(Beginning of Input records)

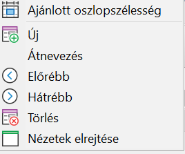 Ajánlott oszlopszélesség Ha ez ki van pipálva, és átméretezzük az ablakot, akkor ezt arányosan követik az oszlopszélességek. Új Rákattintva új fület hozhatunk létre, aminek megadhatjuk a nevét. ÁtnevezésLehetőségünk van átnevezni az új fület. Kattintsunk az Átnevezésre, majd gépeljük be az új nevet. Előrébb, hátrébbRendezhetjük a fület előrébb és hátrébb. TörlésLehetőségünk van törölni az adott fület: nyomjunk a Törlésre. Nézetek elrejtése Elrejthetjük a nézeteket a Nézetek elrejtése lehetőségre kattintva. |
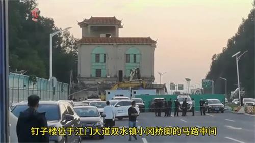 全國著名的江門市新會區雙水鎮小岡官堂村最牛的擋道釘子樓在11月14日被拆除。釘子樓的位置是在馬路中央,也是剩余最后一棟沒有拆除的別墅,據了解別墅征拆戶曾經提出比較高的補償訴求,一直以來都沒有達成共識進行簽約。隨著江門大道不斷的發展建設,周邊的樓房陸續的拆遷辦理,使這棟別墅直接孤零零的矗立在兩側修建的公路旁邊。
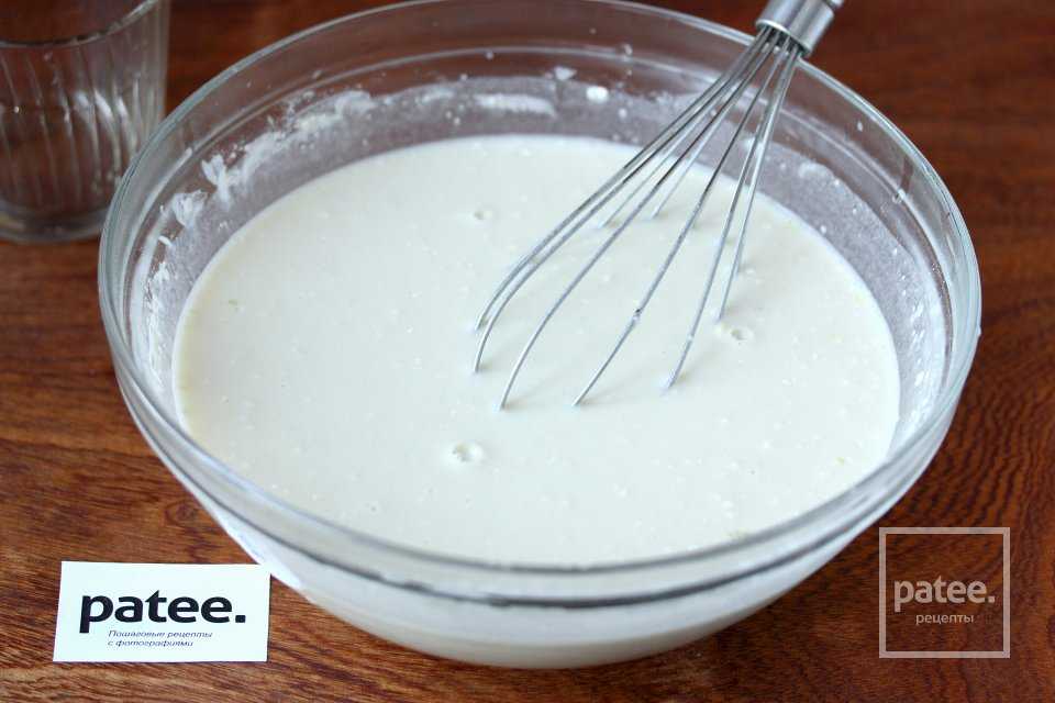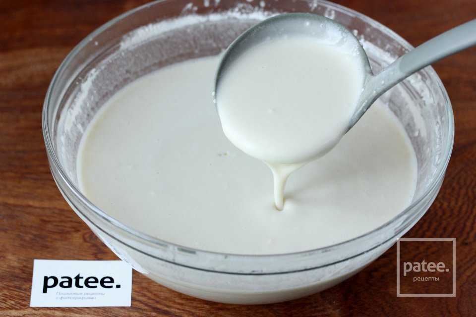 Тесто должно получиться примерно, как жирные сливки. Если оно получилось слегка густоватым, я добавляю обычно немного молока или воды, если жидкое – немного муки.
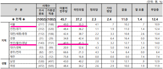 ▲서울 국민의힘 42.2%, 민주당 29.2%, ▲경기·인천 국민의힘 38.4%, 민주당 40.0%, ▲대전·충청·세종 국민의힘 36.5%, 민주당 32.4%▲ 강원·제주 국민의힘 50.128.3%, 민주당 39.4%, ▲부산·울산·경남 국민의힘 48.7%, 민주당 26.3% ▲대구·경북 국민의힘 40.1%, 민주당 24.0%, ▲전남·광주·전북 국민의힘 19.1%, 민주당 50.1%
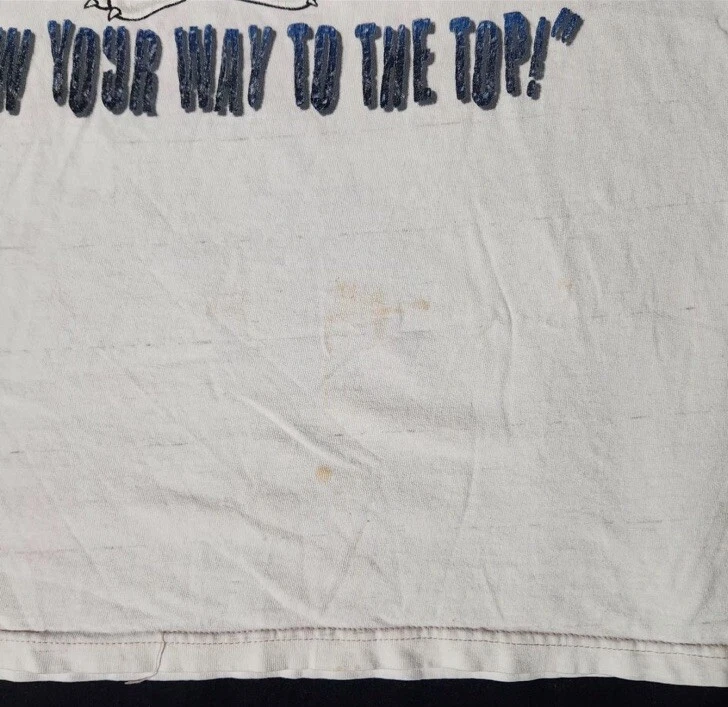 This vintage t-shirt from Warner Bros features the iconic character Sylvester from the Looney Tunes series, with a big graphic logo accent. Made in the United States by Anvil, this t-shirt is made of 100% cotton and has a crew neckline with short sleeves. The size is XL, and it has a regular fit that is perfect for men who love the 90s era. The shirt is in great condition and has been well-preserved throughout the years. Its solid pattern and white color make it a versatile piece that can be paired with any casual outfit. Whether you're a fan of Sylvester or just looking for a stylish and comfortable t-shirt, this vintage item is a must-have for any Looney Tunes enthusiast.
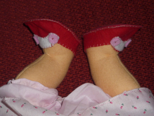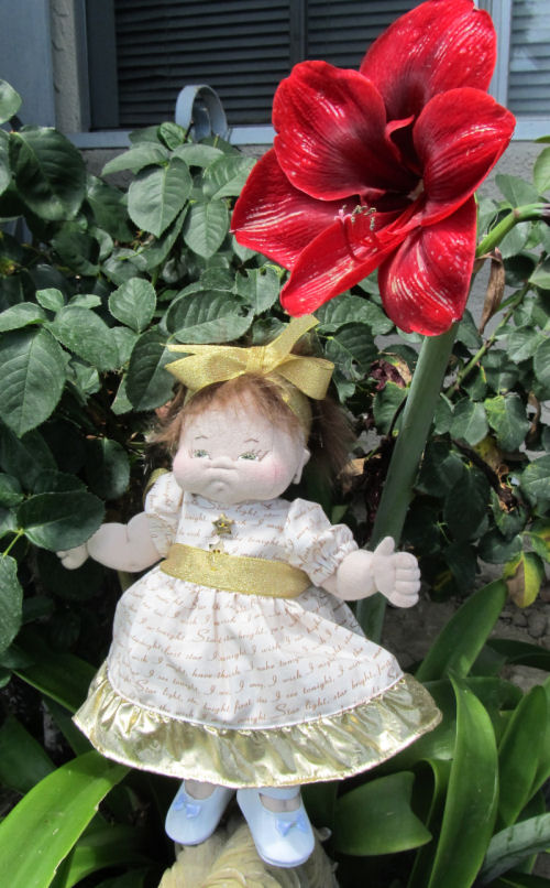 Her name is Grace. She is made from Darlene Rausch's excellent doll pattern Elaine. The pattern has no seams on the
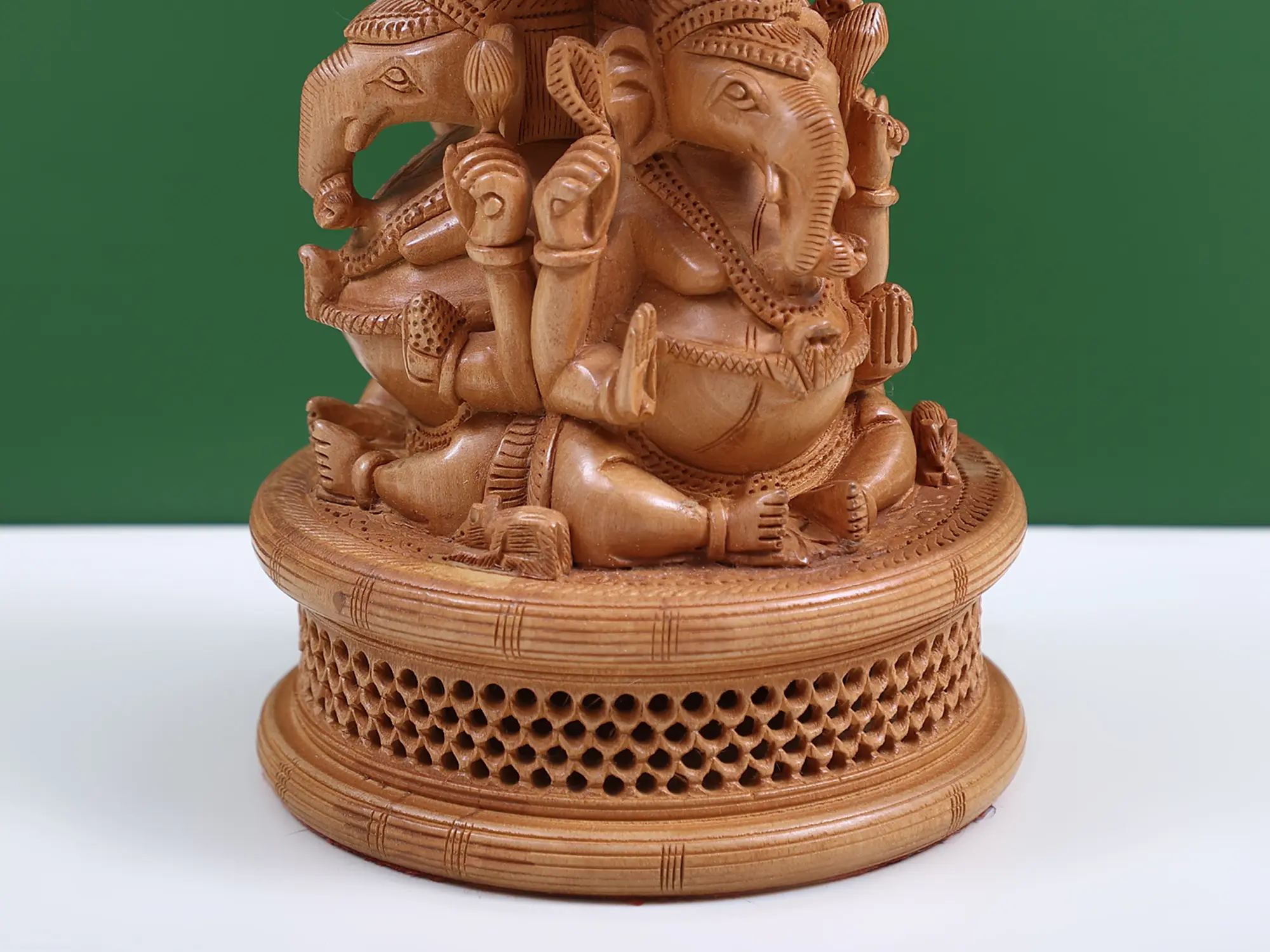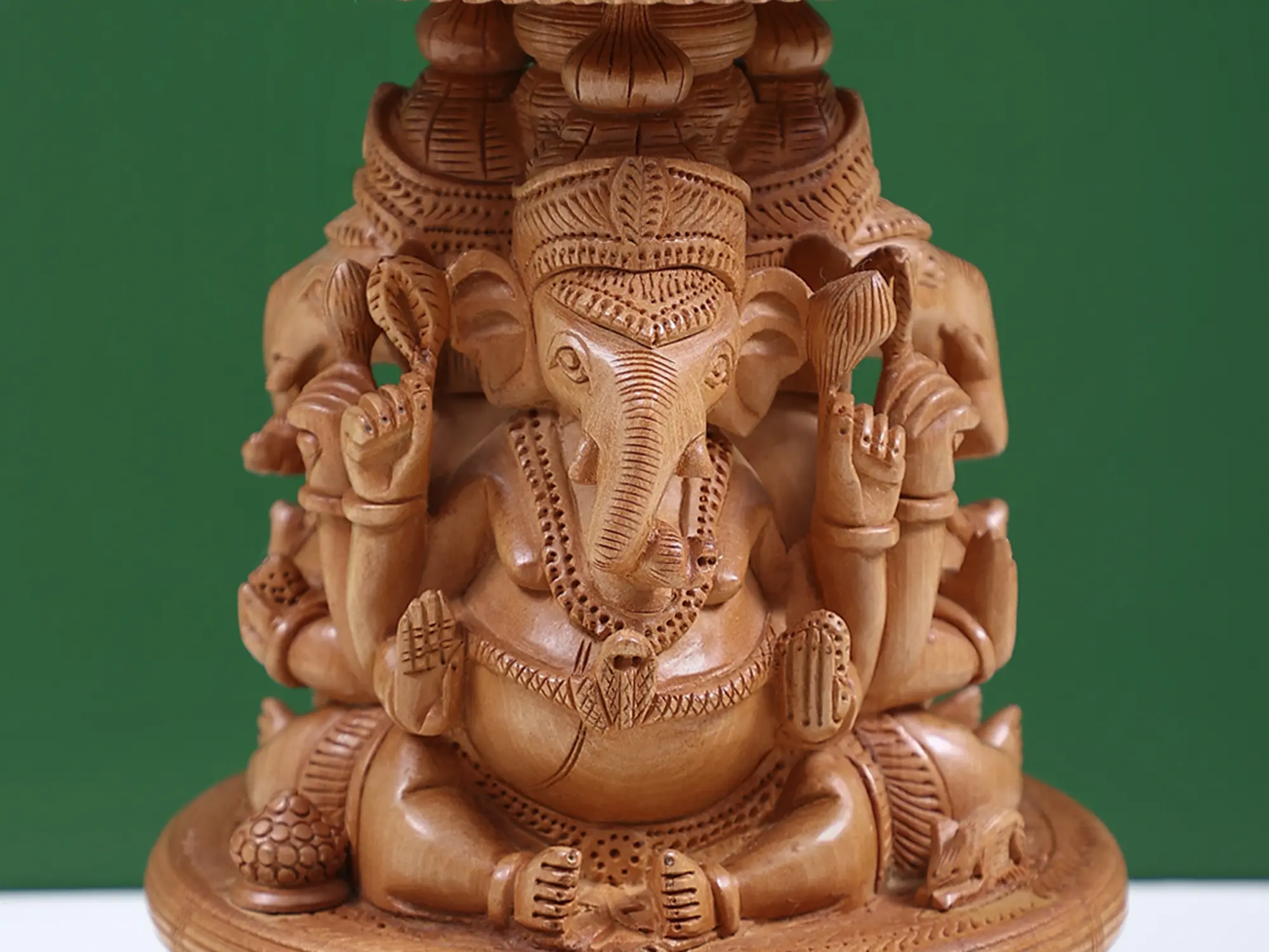 Invite the presence of the Remover of Obstacles into your home with this exquisitely crafted wooden statue of Lord Ganesha. This remarkable piece captures the divine essence of the beloved elephant-headed deity, Ganesha, in a unique and powerful representation. The artistry of this carving lies not only in its intricate details but also in its depiction of Ganesha with three faces, a symbolism that speaks volumes about his multifaceted nature and omnipresent wisdom.

(End of Input records)

Work instruction: For this answer, retype the lines from the start of the listing through the line that holds "全國著名的江門市新會區雙水鎮", inclusive, exactly and without pictures.

Output below:
 Ajánlott oszlopszélesség Ha ez ki van pipálva, és átméretezzük az ablakot, akkor ezt arányosan követik az oszlopszélességek. Új Rákattintva új fület hozhatunk létre, aminek megadhatjuk a nevét. ÁtnevezésLehetőségünk van átnevezni az új fület. Kattintsunk az Átnevezésre, majd gépeljük be az új nevet. Előrébb, hátrébbRendezhetjük a fület előrébb és hátrébb. TörlésLehetőségünk van törölni az adott fület: nyomjunk a Törlésre. Nézetek elrejtése Elrejthetjük a nézeteket a Nézetek elrejtése lehetőségre kattintva. |
 全國著名的江門市新會區雙水鎮小岡官堂村最牛的擋道釘子樓在11月14日被拆除。釘子樓的位置是在馬路中央,也是剩余最后一棟沒有拆除的別墅,據了解別墅征拆戶曾經提出比較高的補償訴求,一直以來都沒有達成共識進行簽約。隨著江門大道不斷的發展建設,周邊的樓房陸續的拆遷辦理,使這棟別墅直接孤零零的矗立在兩側修建的公路旁邊。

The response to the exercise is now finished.